By Kev Hedges     Apr 3, 2011 in Travel
Investigators searching for the Air France jet that went missing somewhere over the Atlantic, after it had left Rio de Janeiro in June 2009, have found parts of the wreckage.
The new findings are concentrated in one location and hopes of locating the elusive black box are now encouraging. Flight AF447 from the Brazilian city of Rio de Janeiro bound for Paris lost radio contact suddenly at 0133GMT on June 1, 2009. It had left Rio just two-and-a-half hours earlier. The cause of the crash is still to this day unknown. French investigators resumed another search (the fourth) last month. Their aim was to locate the plane's voice and data recorders.
Investigators in Paris announced they had found the wreckage on Sunday but have not yet revealed details of where exactly it had been located. Airbus, the jet's makers, have said all along that unless the black box is found no one will ever know for sure how the crash happened.

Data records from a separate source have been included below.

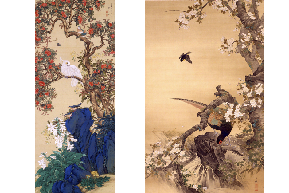 Left: "Pomegranate Flower and White Parrot" by Shuhei Yamada, 1920, Sen-Oku Hakukokan Museum Tokyo Right: "Flowers and Birds of Spring and Autumn" by Naoki Fukada, late 19c to early 20c, Sen-Oku Hakukokan Museum Tokyo
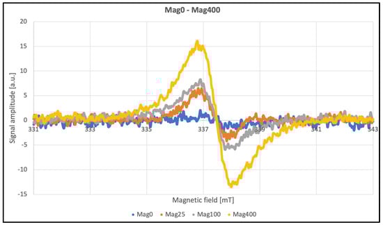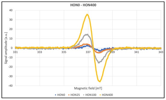 The EPR method was used to detect and characterize free radicals. Overmodulation causes an artificial broadening of the lines, but the signal intensities can still be compared. The EPR spectra for HON and MAG are presented in Figure 7.
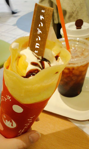 上の写真が、そこの「チョコバナナクレープ」八橋クランチ入り!

The search for flight AF447 had begun just days after the disappearance documented in Digital Journal at the time. The search has been hampered by the extreme depths of the Atlantic basin that in places lies over 4,000m (13,120ft) deep. The cost of the search has been borne jointly by Air France and makers Airbus. The parts located are not thought to be the flight recorders. Experts have said they may never be found but Woods Hole Oceanographic Institution who are leading the search have said, "plane parts have been located and further information will be released later", reports BBC Europe
USA Today has reported that among the 30 nationalities of passengers who perished, most of whom were French, Brazilian or German, there has been growing impatience over the lack of progress in finding the wreckage.